Арго уличных торговцев Лирмора, местами не похожее на классический цадский… Запросто.

Ему хватало нескольких минут, чтобы понять, как говорит другой, что именно означают для него те или иные группы звуков… и самому начать изъясняться подобным образом в достаточной степени, чтобы быть понятым и сойти за своего.

Несколько раз это умение спасало Олегу жизнь, и возможно благодаря ему он и достиг успеха как бизнес-тренер.

Шагая по утреннему Лирмору, он не просто вслушивался в болтовню горожан, не привыкших говорить тихо. Нет, он собирал информацию, обрывки слухов и сплетен, нелепые рассказы о том, что кто-то видел или слышал, – сведения, добытые таким образом, не раз помогали ему пополнить коллекцию, странную, какую не покажешь даже ближайшим друзьям.

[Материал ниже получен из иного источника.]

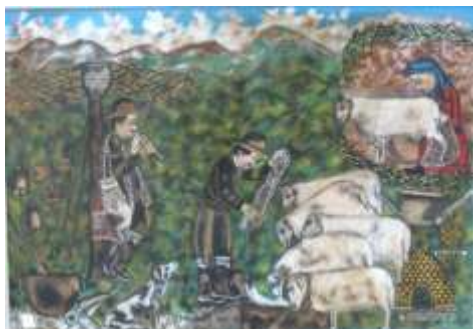
Μιχαήλ Κκάσιαλος, «Ποιμενική Σκηνή» (20ος αιώνας)

Τα έργα στα οποία επικεντρώνονται οι δραστηριότητες είναι:

Выпил кружку местного чая в уличной харчевне на углу рядом с церковью Факела Еретиков, принадлежащей местной инквизиции. Миновал еще парочку проулков, таких узких, что и два пешехода тут расходились с трудом, и окунулся в шумную вонь лирморского Большого Рынка.

Занимал он несколько кварталов, покупалось и продавалось здесь все, что можно отыскать в Центруме и прилегающих к нему двенадцати мирах, что обычно именуют «лепестками».

Ряды со сластями, над которыми вьются пчелы, и тут же лавки с холодным оружием… дары моря самого Цада и изделия механиков Сургана… развал с земными книгами, и около него палатка, где торгуют драгоценными камнями, и мнутся около нее два могучих охранника.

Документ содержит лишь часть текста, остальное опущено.